Tourist Visas in Turkey
Visa restrictions are minimal, with 90 days per visit for many nationalities being easily obtainable. However, e-visas are required in advance for a fee prior to arrival for those holding US, UK, Australian, Chinese and Spanish passports, to name a few. The likes of French, German, Russian and Singaporean passport holders can enter visa-free.
For Indian and Pakistani nationals, conditional e-visas are available on arrival at Ataturk International Airport only and expire after just 30 days. For more information on visa requirements, refer to the Ministry of Foreign Affairs website.
The Turkish Lira (TRY) is the local currency where $1 USD is worth about 5 TRY.
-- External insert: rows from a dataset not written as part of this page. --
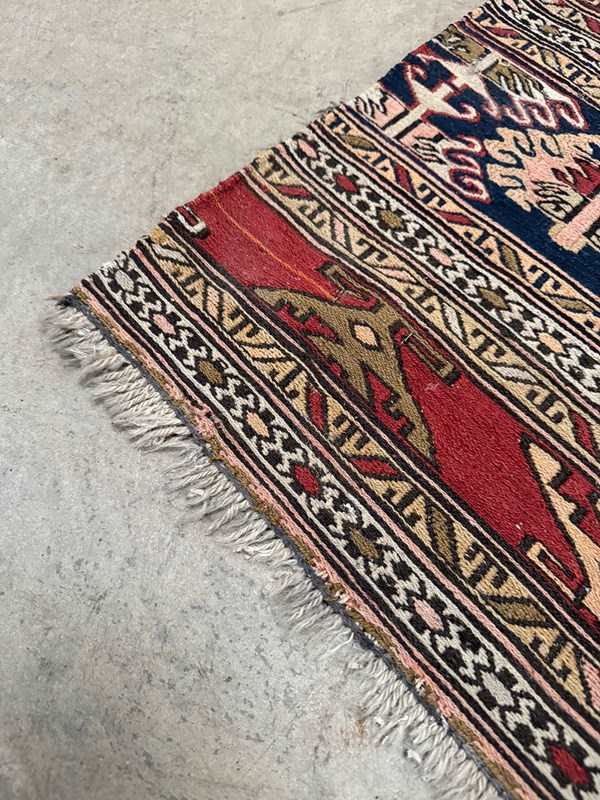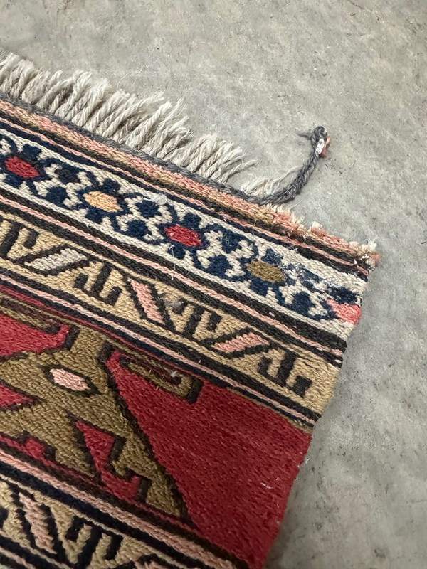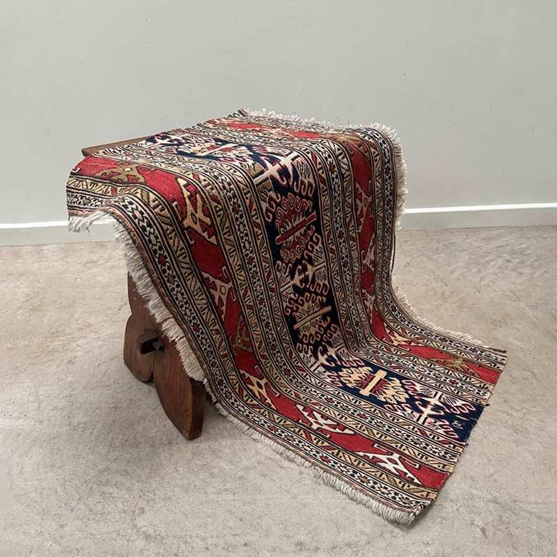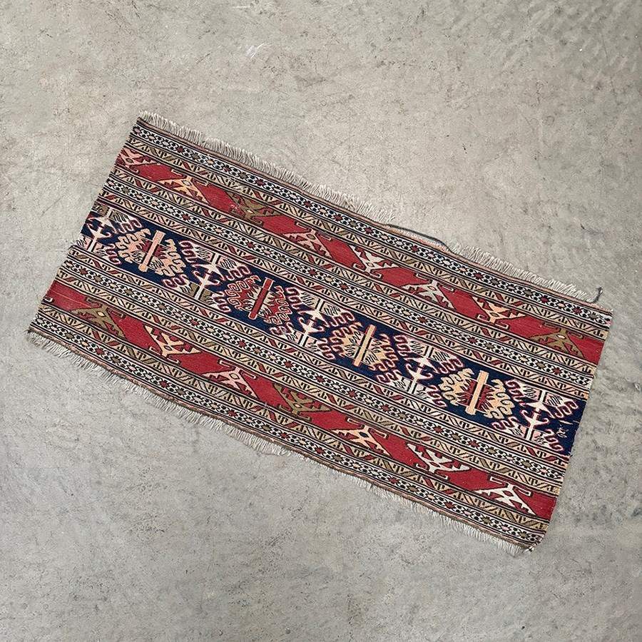 At around a meter long and hand made, the rug is predominantly in red, navy blue and white coloured cotton.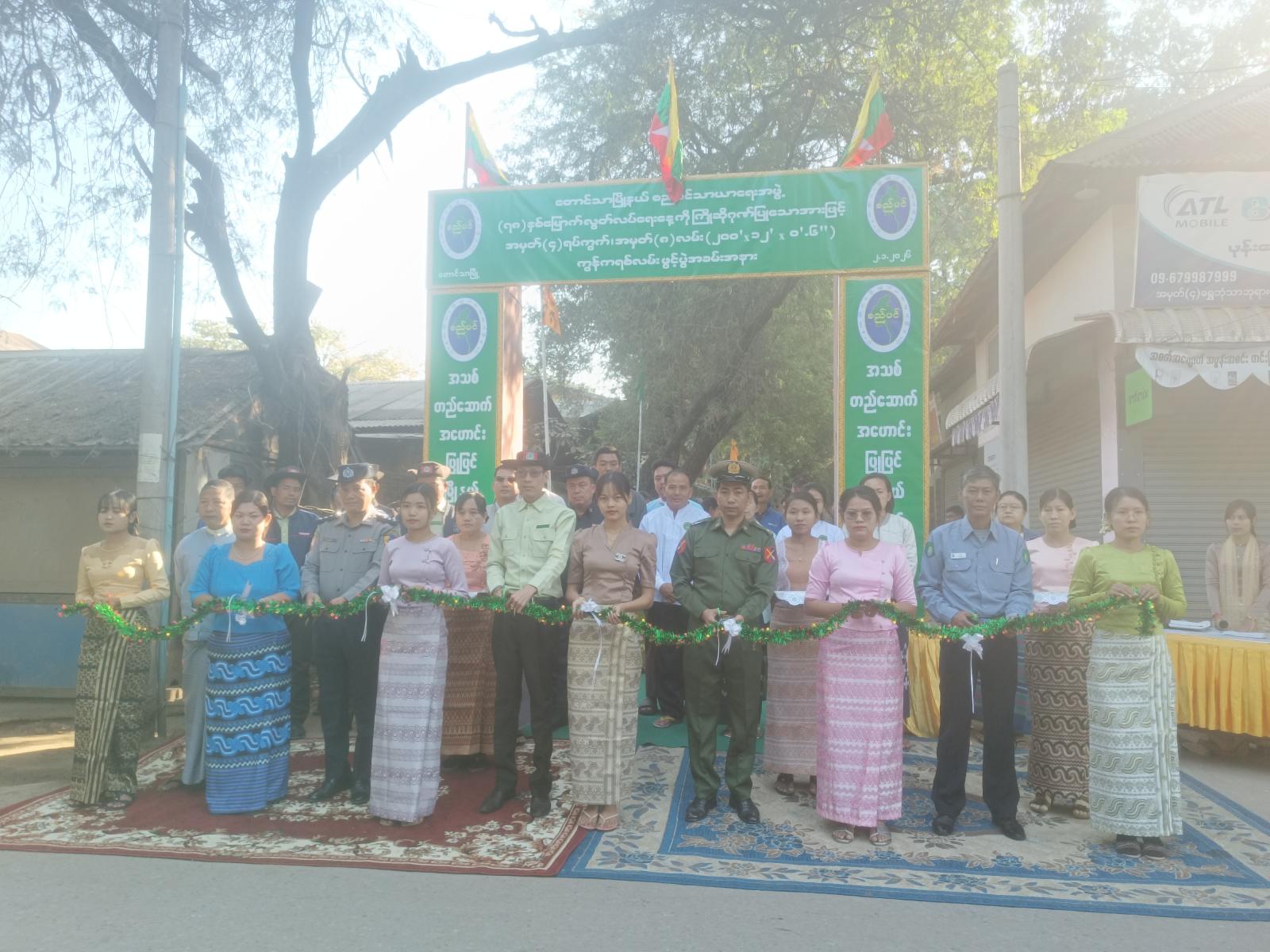 ရှေးဦးစွာ ဖွင့်ပွဲအခမ်းအနားအား မြို့နယ်စီမံခန့်ခွဲရေးနှင့်အုပ်ချုပ်ရေးကော်မတီဥက္ကဋ္ဌ ဦးဟန်သူရမှ အဖွင့်အမှာစကားပြောကြားပြီး မြို့နယ်စီမံခန့်ခွဲရေးနှင့်အုပ်ချုပ်ရေးကော်မတီဥက္ကဋ္ဌ ဦးဟန်သူရ၊ အဖွဲ့ဝင် ဗိုလ်မှူးဇေယျကျော်စွာ၊ မြို့နယ်ရဲတပ်ဖွဲ့မှူး ဒုရဲမှူး ကျော်ဇာလင်း၊ မြို့နယ်စီမံကိန်းရေးဆွဲရေး ဦးစီးဌာနမှ ဦးစီးမှူး ဦးအောင်ဌေးနှင့် မြို့နယ်စည်ပင်သာယာရေးအဖွဲ့ အမှုဆောင်အရာရှိ ဦးချမ်းငြိမ်းတို့မှ ဖဲကြိုးဖြတ်ဖွင့်လှစ်ပေးခဲ့ကြောင်း သိရသည်။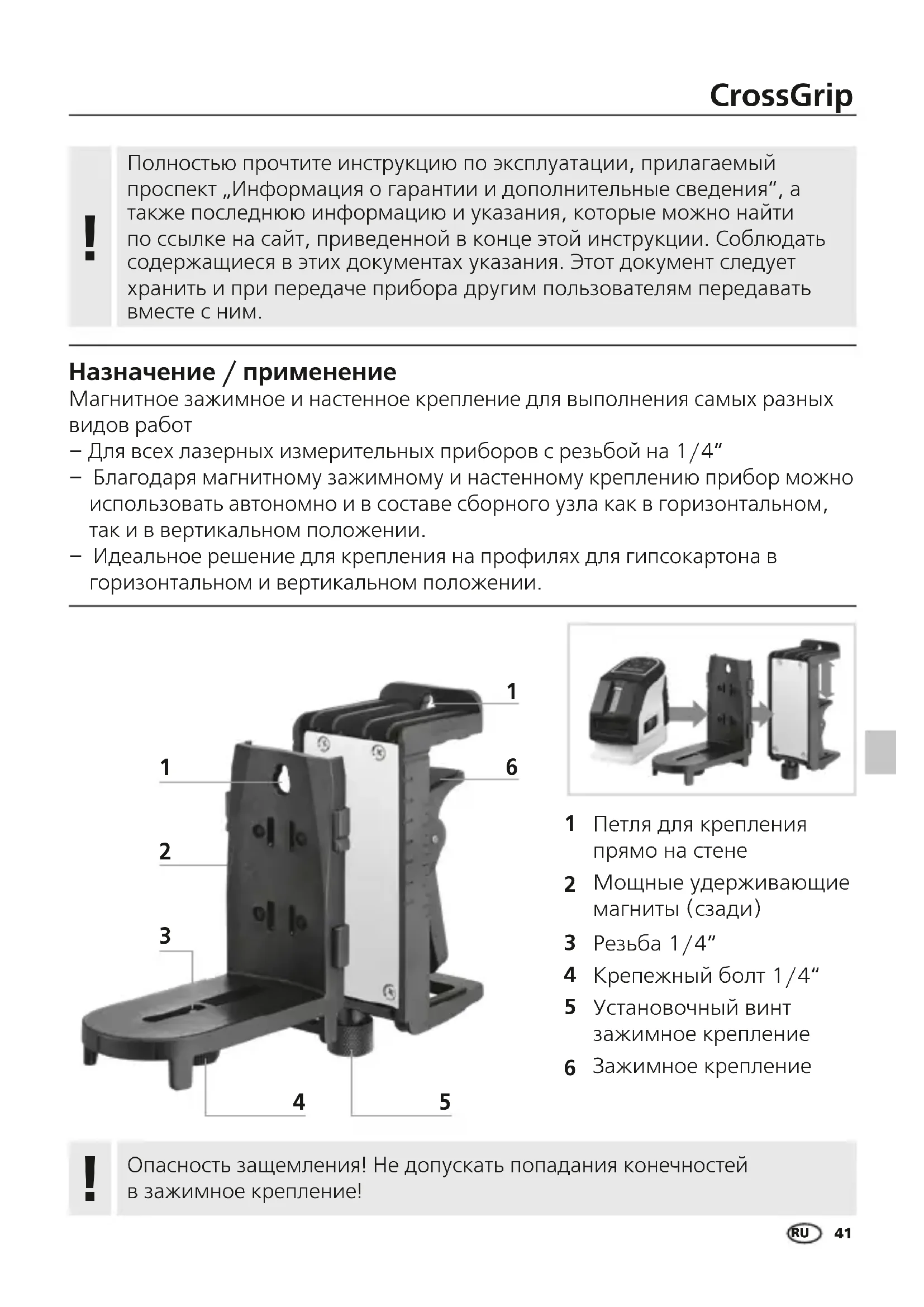 Назначение / применение Магнитное зажимное и настенное крепление для выполнения самых разных видов работ – Для всех лазерных измерительных приборов с резьбой на 1/4“ – Благодаря магнитному зажимному и настенному креплению прибор можно использовать автономно и в составе сборного узла как в горизонтальном, так и в вертикальном положении. – Идеальное решение для крепления на профилях для гипсокартона в горизонтальном и вертикальном положении. Полностью прочтите инструкцию по эксплуатации, прилагаемый проспект „Информация о гарантии и дополнительные сведения“, а также последнюю информацию и указания, которые можно найти по ссылке на сайт, приведенной в конце этой инструкции. Соблюдать содержащиеся в этих документах указания. Этот документ следует хранить и при передаче прибора другим пользователям передавать вместе с ним.

ATMs are in abundance across Turkey and accept all bank cards (Visa, Mastercard). Credit card and Amex payment are accepted in most restaurants and outlets, with the more local food vendors or food market stalls, only accepting cash. Tipping is expected as service is not included at restaurants, this is usually between 5-10%. Taxi rides tend not to be tipped, just rounded up.
Turkish is the local language with the eastern Kurds speaking Kurdish too. English is spoken by many locals working in tourist locations, including the major cities.
Islam (99.8%) is by far the main religion in Turkey, with a tiny Christian population (0.2%). Turkey is, however, a secular country where there is no ‘official’ state religion. Various elements of traditional culture remain, with much being modernized or ‘Westernized’.
There are many public holidays, most notably Labor Day and Commemoration of Ataturk in May, Ramazan Feast in June, Kurban Bayrami in August and Republic Day at the end of October. Precise dates may vary year to year so be sure to check in advance as crowding is common during busy areas on these days.